Co-founder and Chief Technology Officer
James Ridgway is Co-Founder and CTO of The Curve, a technology consultancy that helps ambitious organisations turn technology into measurable business outcomes.
Sometimes the technology is the problem. More often, it isn't, and knowing the difference is where the real work begins. James has spent his career helping senior leaders understand which one they're dealing with, then building the systems, teams, and architecture to fix it.
James is known for his ability to challenge clients constructively, getting into the details quickly and surfacing the real problem behind the stated one. Whether he's in a board room presenting to directors or trustees, working alongside a commercial director on a transformation programme, or unpicking a cross-functional operational issue, he brings the same combination of technical depth and business pragmatism – translating what's possible into language executive teams can act on.

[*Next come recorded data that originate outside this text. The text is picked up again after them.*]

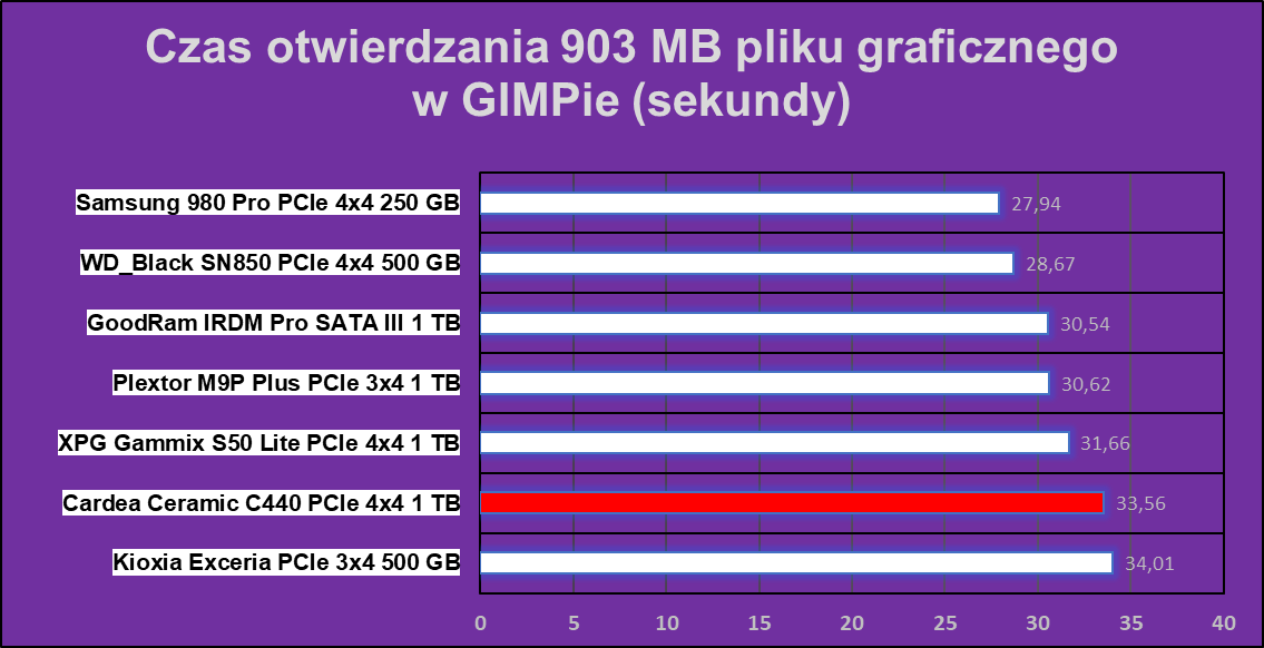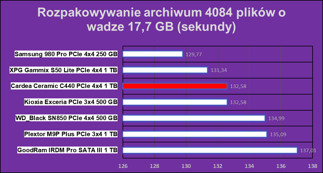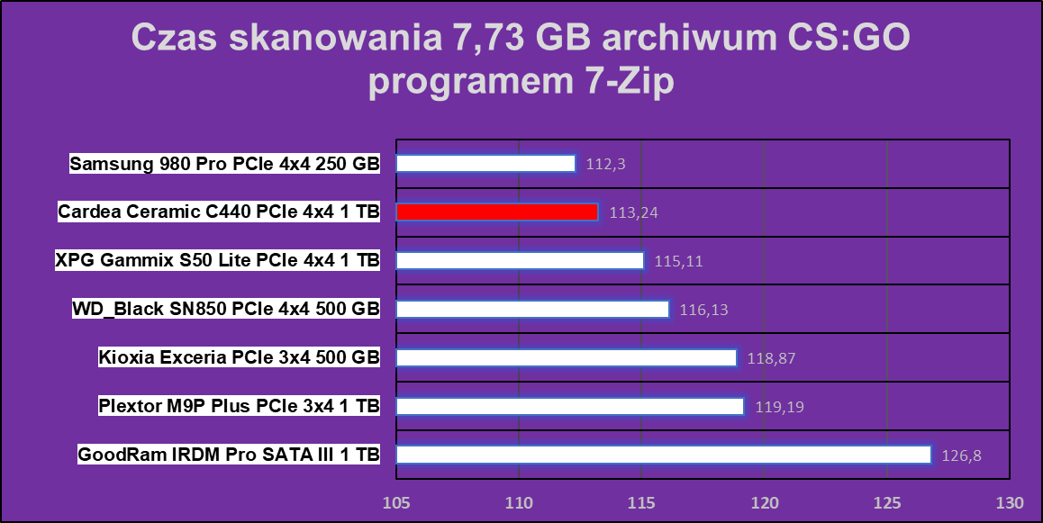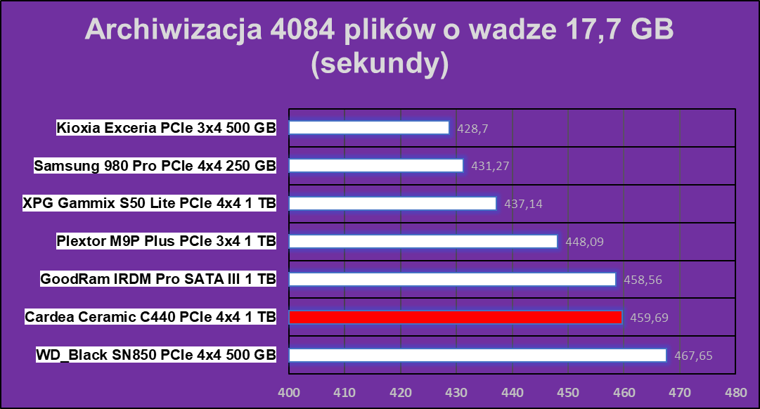 Imponujący zapis nie pomaga nośnikowi Cardea Ceramic C440 na szaleństwo w tego typu operacjach, co widać przede wszystkim w archiwizacji oraz otwieraniu pliku graficznego.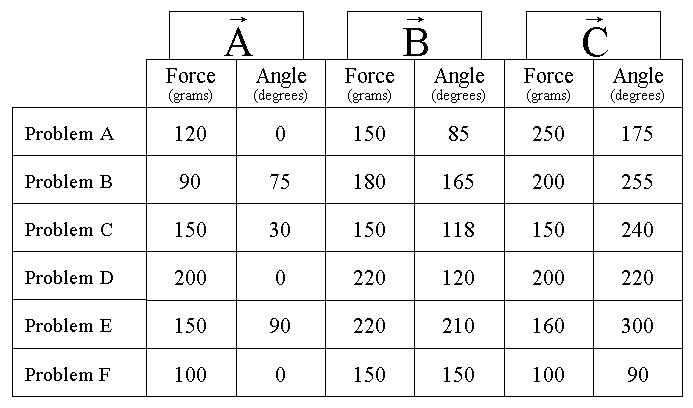 Hanging masses = "Forces" To create the "forces" for the force table situations, use the string over the pulleys connected to the mass hanger. Different slotted masses can be used to create the forces required (remember, the hanger itself has a mass of 50 grams!). |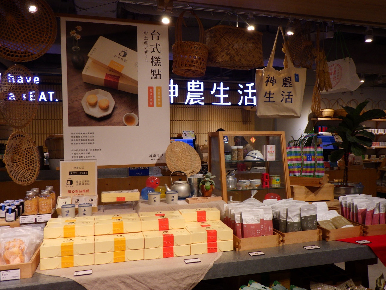 4Fにある台湾の食品と雑貨のショップ「神農生活」へ。パッケージがオシャレで陳列もキレイ、見ているだけでワクワク。お茶、調味料、お菓子、食材、雑貨がいっぱいです。円安の影響もあり、お値段高めに感じました。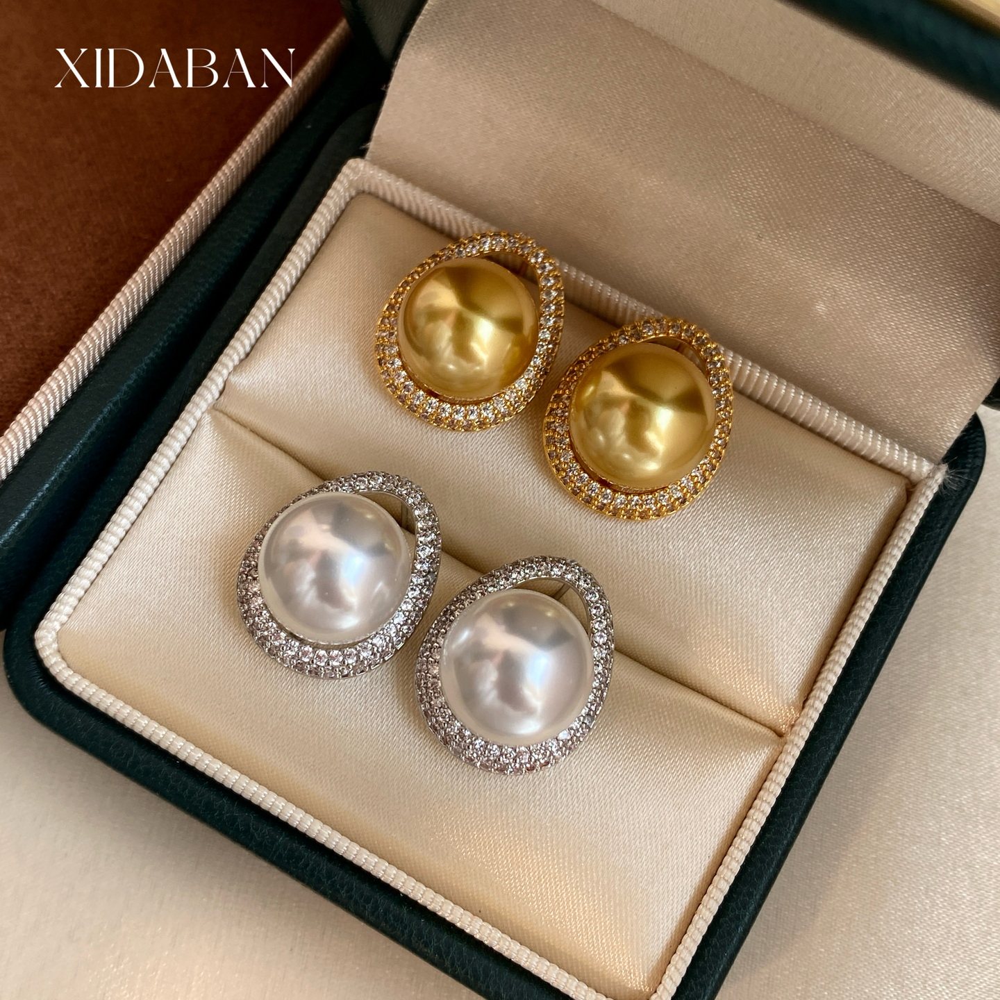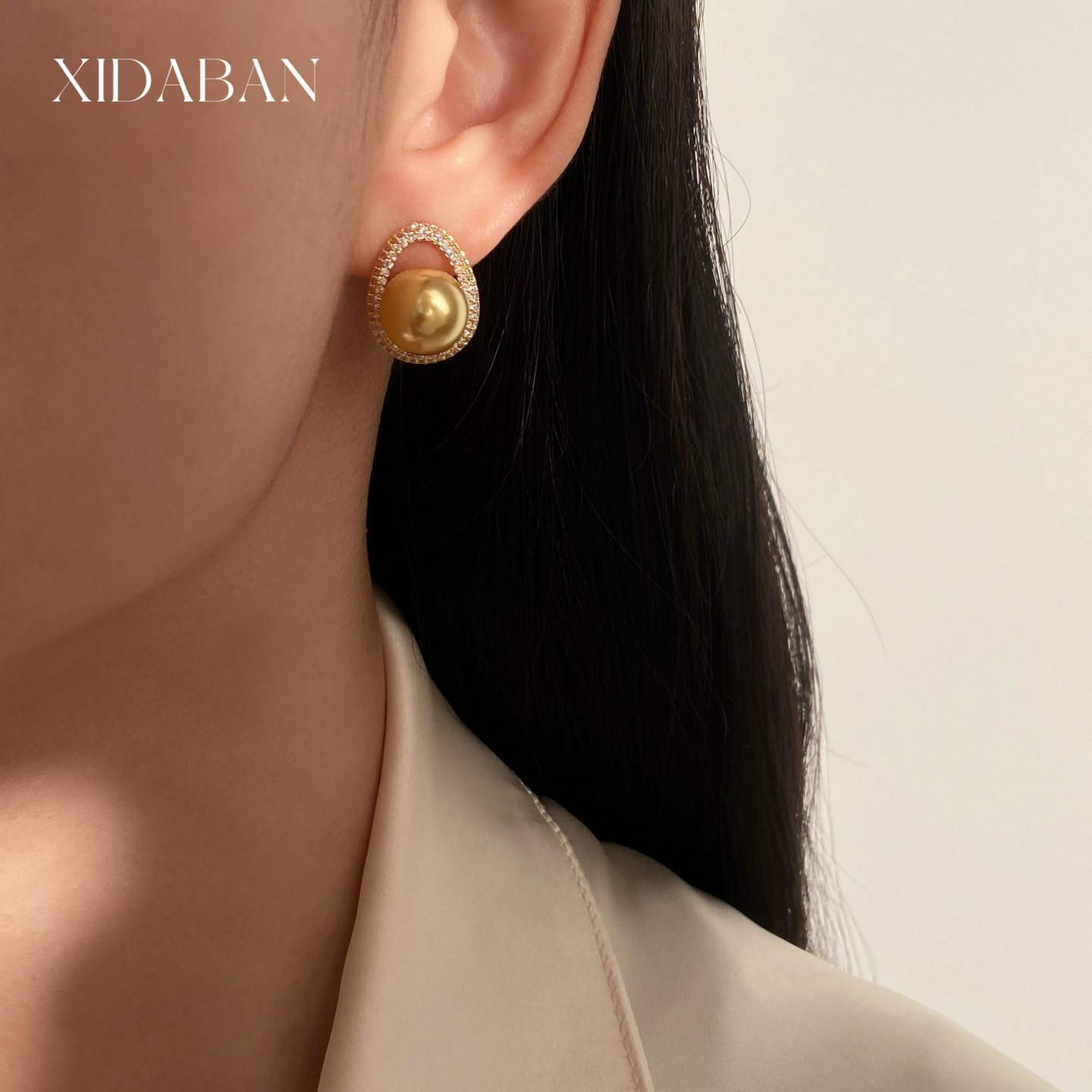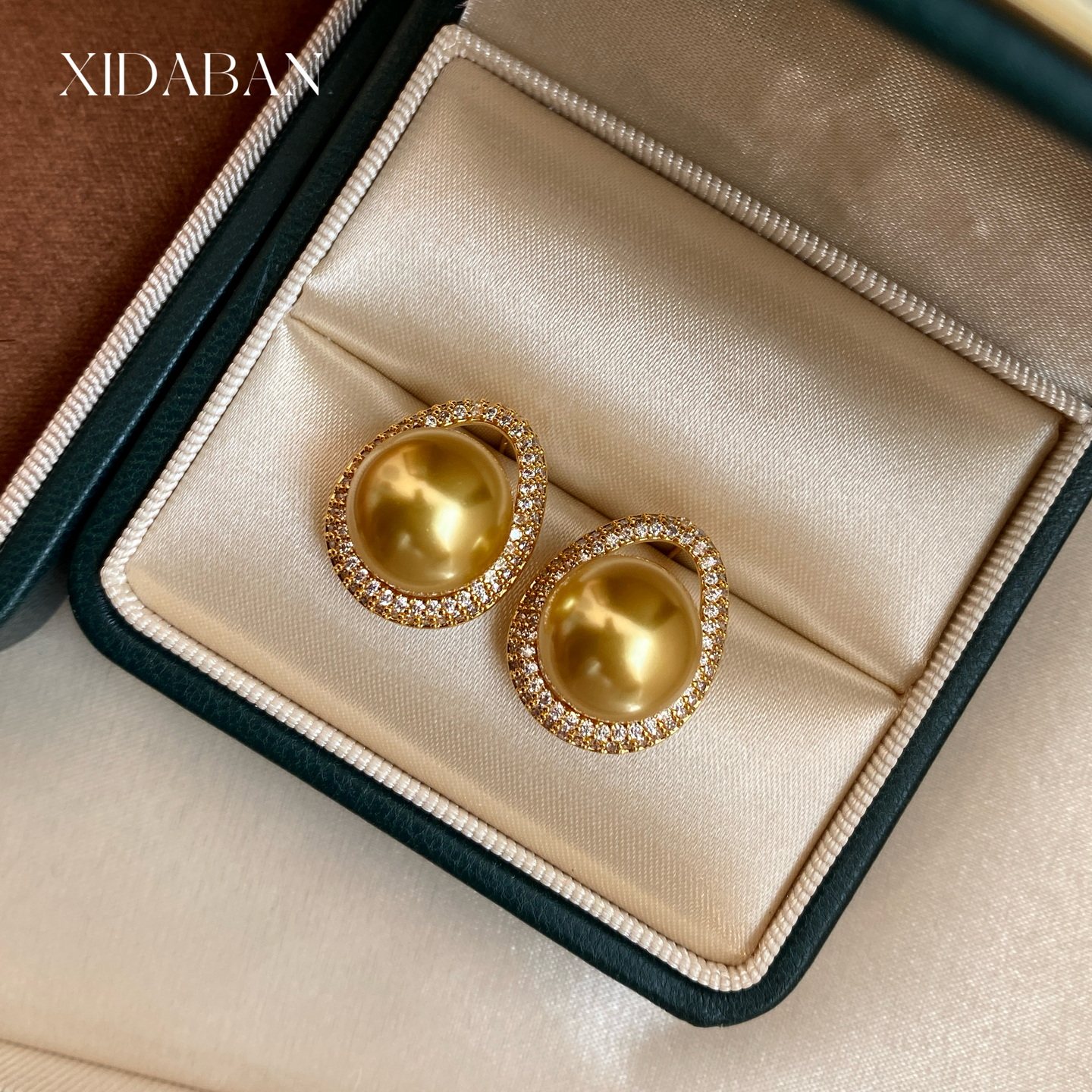 极光正圆澳白南洋金珍珠耳环轻奢高级感仿海水微镶锆爆闪小众耳钉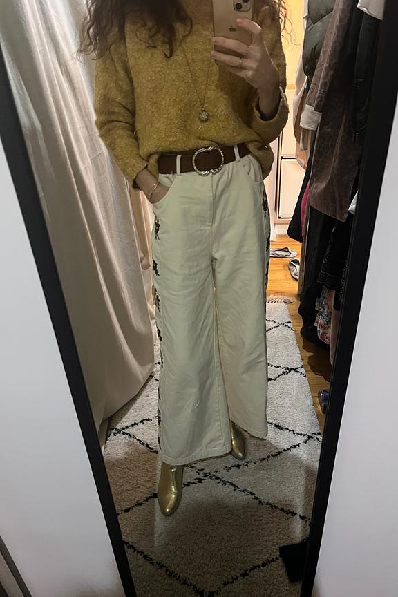 Optez pour un look bohรจme en associant ce jean avec un haut en dentelle et des accessoires en cuir. Parfait pour un style dรฉcontractรฉ-chic toute l'annรฉe. โข Jean ample โข Taille haute โข Broderies florales โข Coupe large โข 100% coton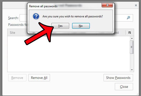 - NapsauttaaKylläPainike vahvistaaksesi, että haluat poistaa kaikki salasanat.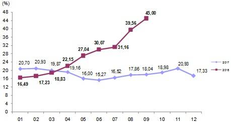 Türkiye İstatistik Kurumu (TÜİK) Eylül 2018’e ait İnşaat Maliyet Endeksi’ni açıkladı. Buna göre; inşaat maliyet endeksi (İME), 2018 yılı Eylül ayında bir önceki aya göre %5,88, bir önceki yılın aynı ayına göre %39,66 arttı. Bir önceki aya göre malzeme endeksi %8, işçilik endeksi %0,46 arttı. Ayrıca, bir önceki yılın aynı ayına göre malzeme endeksi %50,04, işçilik endeksi %17,24 arttı.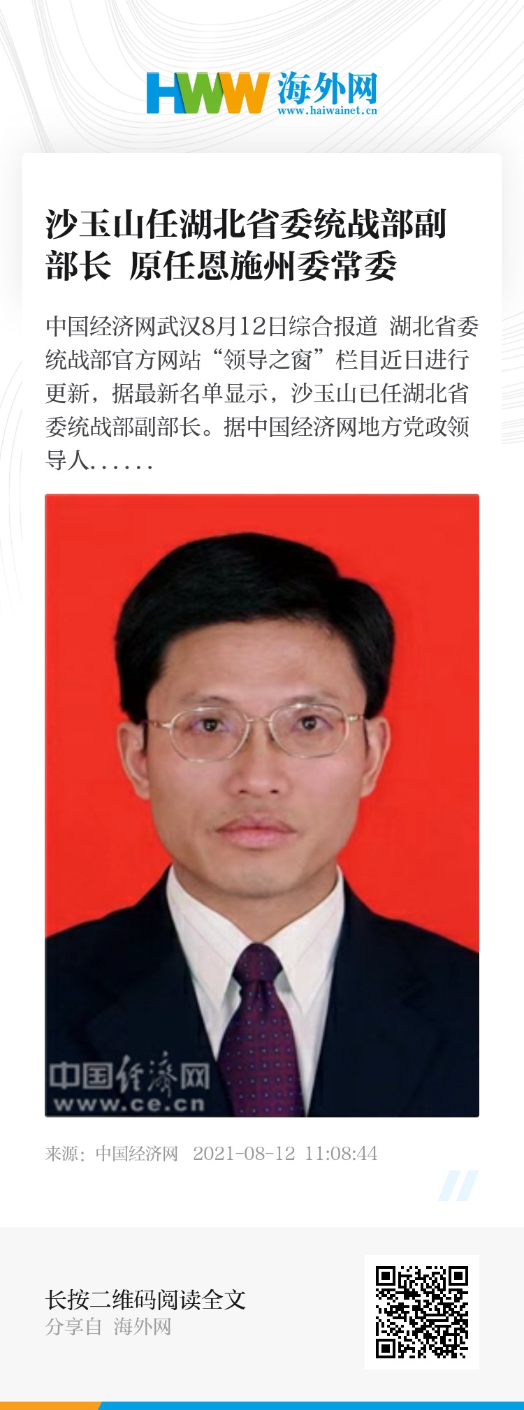 中国经济网武汉8月12日综合报道 湖北省委统战部官方网站“领导之窗”栏目近日进行更新,据最新名单显示,沙玉山已任湖北省委统战部副部长。
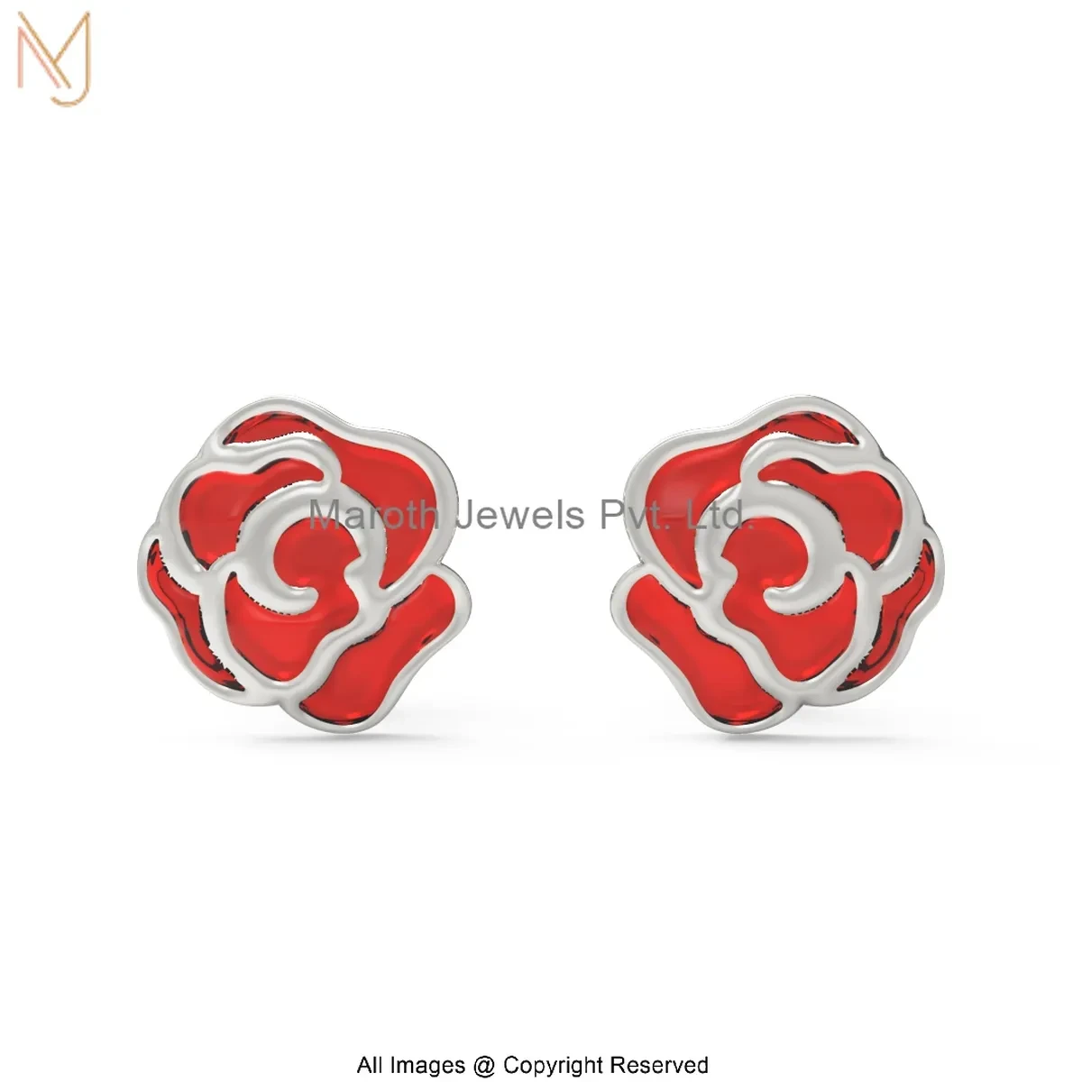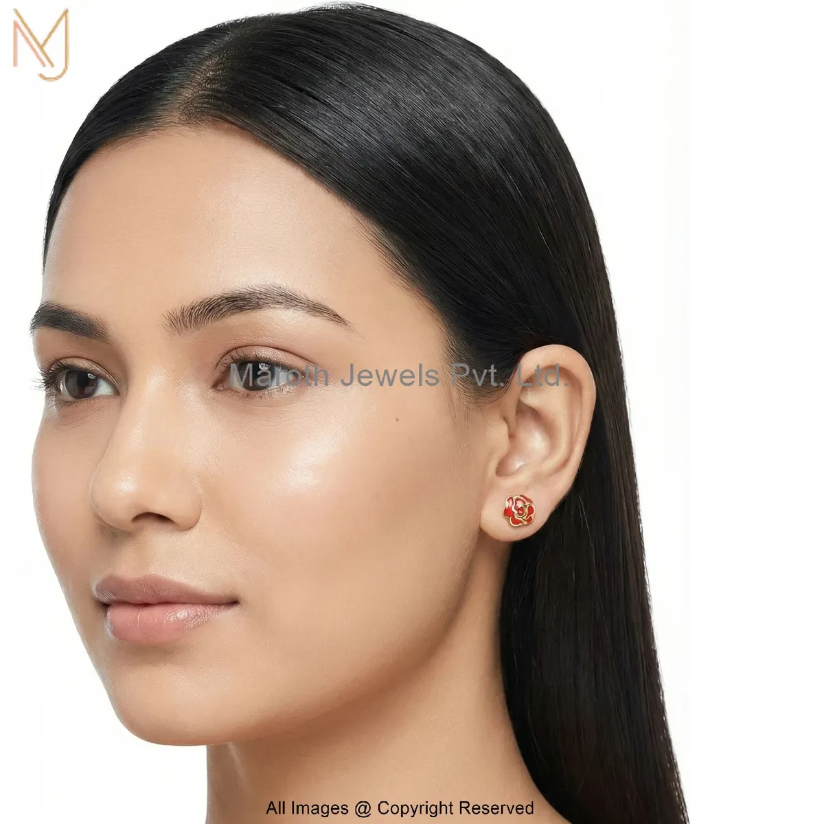925 Silver Yellow Gold Plated Red Enamel Scarlet Rose Stud Earrings Custom Jewelry

His approach is grounded in a simple philosophy: simplify, test, and bias towards action. James is wary of unchecked assumptions and the analysis paralysis they create. He'd rather run a lean experiment, look at actual outcomes, and adapt – an ethos that reflects The Curve's wider obsession with productivity and the disciplined pursuit of what genuinely matters.
James and his co-founder Paul started The Curve after scaling a global telematics platform from a small founding team to more than 120 people, serving blue chip insurers across North and South America, Europe, and Asia. That journey meant solving problems at every layer of the stack — but just as importantly, the business, process, and people problems that come with rapid scale. The Curve is the distillation of that experience: a consultancy built to be a trusted partner throughout a client's technology journey, focused on doing a good job, building things that drive productivity, and creating lasting impact.

James delivered a brilliant talk about 'Why AI Isn't Taking My Job'. When everything feels uncertain with the introduction of AI into the modern business, it was a breath of fresh air to sit down and discuss how humans most definitely can still add value — introducing fast vs. slow thinking and how keeping humans in the loop is still essential.